Gianluca and Massimiliano De Serio
Stanze, 2010
HD, 58’
Stanze is a sort of poetic sequence that takes inspiration from and gives a contemporary twist to oral tradition in Somalia, where poetry was used as an instrument of public and political debate. The film is the work of a number of young political refugees from Somalia, in what was their last “home” in Turin: the La Marmora barracks in Via Asti, which is an authentic centrifuge of Italian history. Built during the first period of Italian colonialism in the Horn of Africa, the barracks was used during the years of Fascism by the Republican National Guard, and became the place where Resistance fighters were tortured and executed. A number of Fascists who had worked in Via Asti were sentenced in the 1946 trial, but were able to take advantage of an amnesty. The barracks has now become a reception centre for Somali political refugees, who are the actors in Stanze. The contribution made by the writer and cultural mediator Suad Omar made it possible to start up a collective work in which each individual tells their own story, the uprooting forced upon them, and the inability of Italy to give refugees adequate reception. They gradually begin to act out excerpts from the 1946 trial, which have been recovered after considerable research work.
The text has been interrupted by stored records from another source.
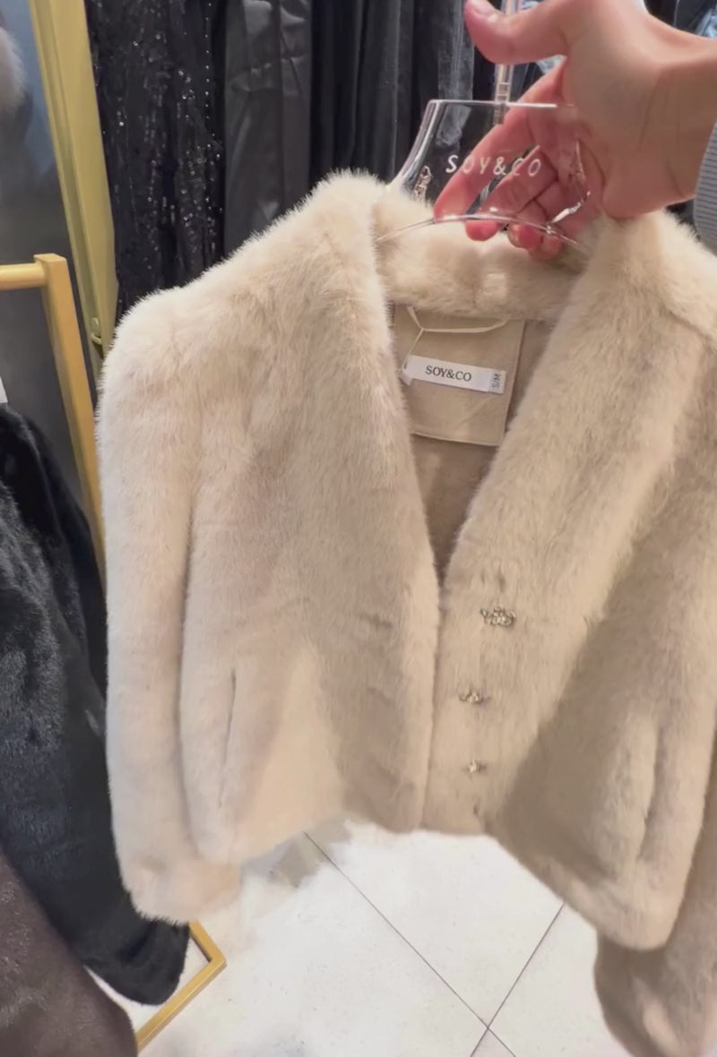 Coupe droite et légèrement courte pour une touche moderne et féminine. Sa fausse fourrure toute douce apporte un max de confort et de chaleur, tout en restant hyper agréable au toucher.
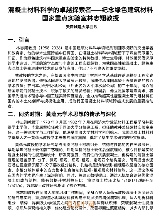 混凝土材料科学的卓越探索者——纪念绿色建筑材料国家重点实验室林志翔教授
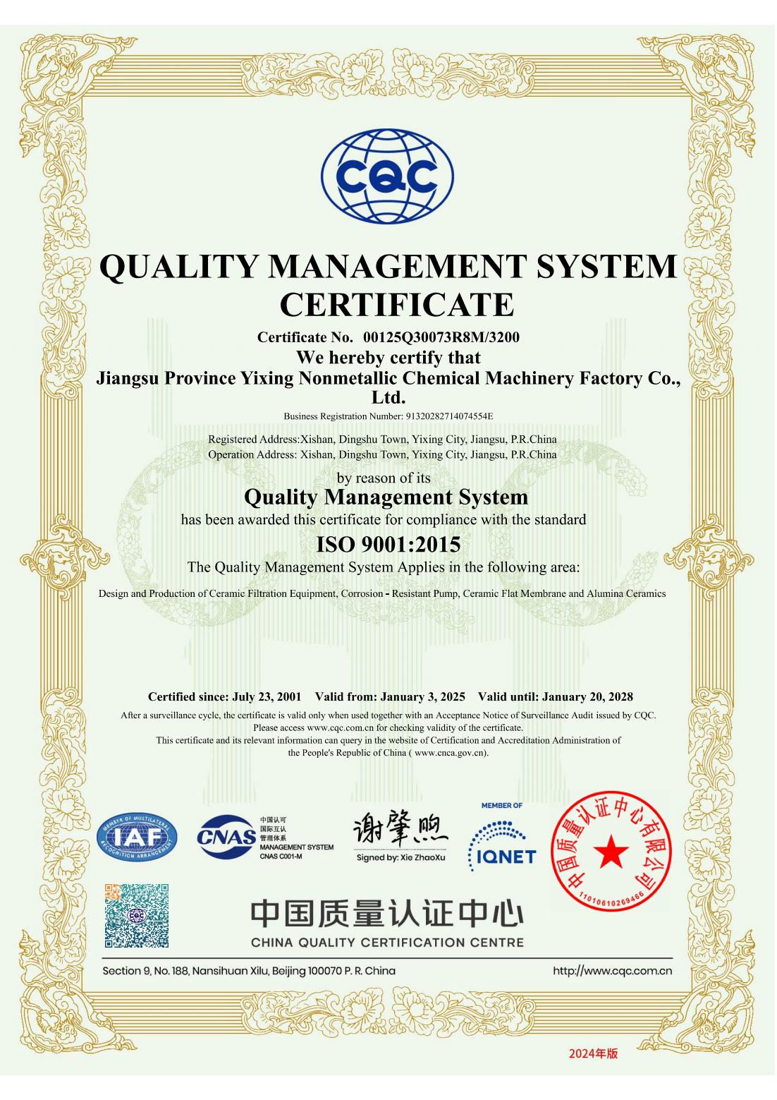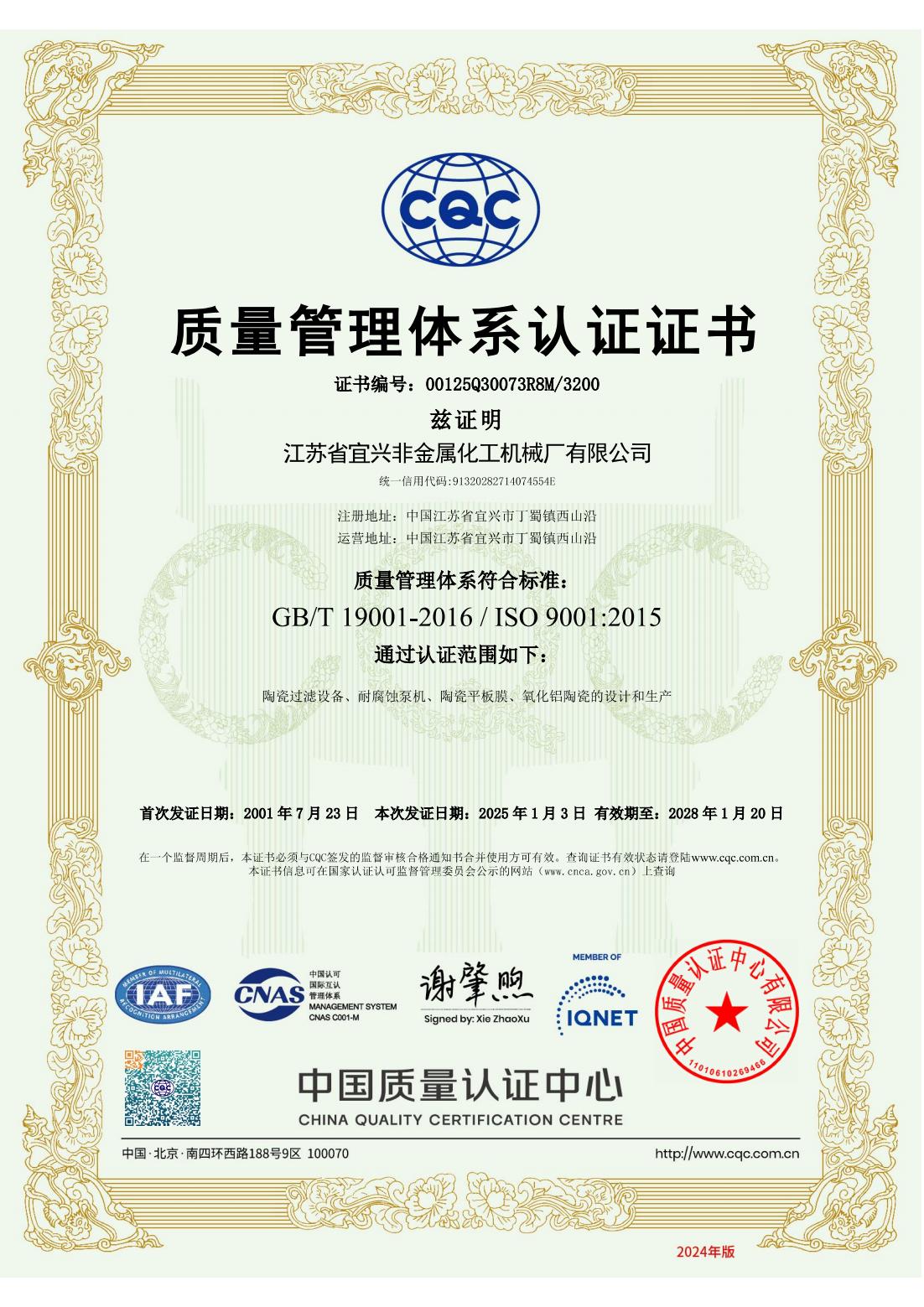 ISO9001质量管理体系认证证书-中文

The film starts once every hour, beginning at 11:00 a.m., based on the Museum’s opening hours.
Credits: Photography and Camera Operator: Mario Amura; RED Assistant: Marco Pasini; Operator’s Assistant: Paolo Benitti, Gabriele Gallareto; Live Audio Recording: Daniele Turi and Alessio; Video Editing: Carlo Cagnasso Sound Design: minus (minusandplus.net); RED: Technovision Rome; Colour Correction: Marco Fantozzi. CAST: Suad Omar Sheikh Esahaq; Abdullahi Ahmed Abdullahi ; Adnan Mohamed Abdi; Abdulaziz Ali Hassan; Farhan Ahmed Mohamed; Ahmed Mohamud; Jinow Ahmed.
Piero Golia
Untitled (Carpet), 2002- 2006
spray paint
Oh my God That’s so Awesome (Monkey Picture), 2009
photo printed on PVC mesh
On the Edge (Sulla cresta dell’onda), 2000
palm tree
Piero Golia examines the theme of the relationship between the museum institution and the artist, between the space of exhibition and the work of art, between the visible and the invisible in an installation composed of three elements: a large arrow, situated on the roof of the building in front; a giant image of a monkey which was supposed to be installed on the façade of the apartment building visible through the great window and a palm tree in the square of the Museum. Each part of the installation refers to the other, in a circular dialogue that connects the work and its single aspects to Piero Golia’s artistic experience. The image of the monkey – conceived in a urban and architectural scale – is now forced to be inside the exhibition space. The three works directly confront themselves with the scale and the dimension of the museum, it’s indoor and outdoor spaces, between art and architecture. In an ideal itinerary through the last ten years of the artist’s career, represented by the three works exhibited, the project reflects on the museum function and on the institutionalisation of the work of art.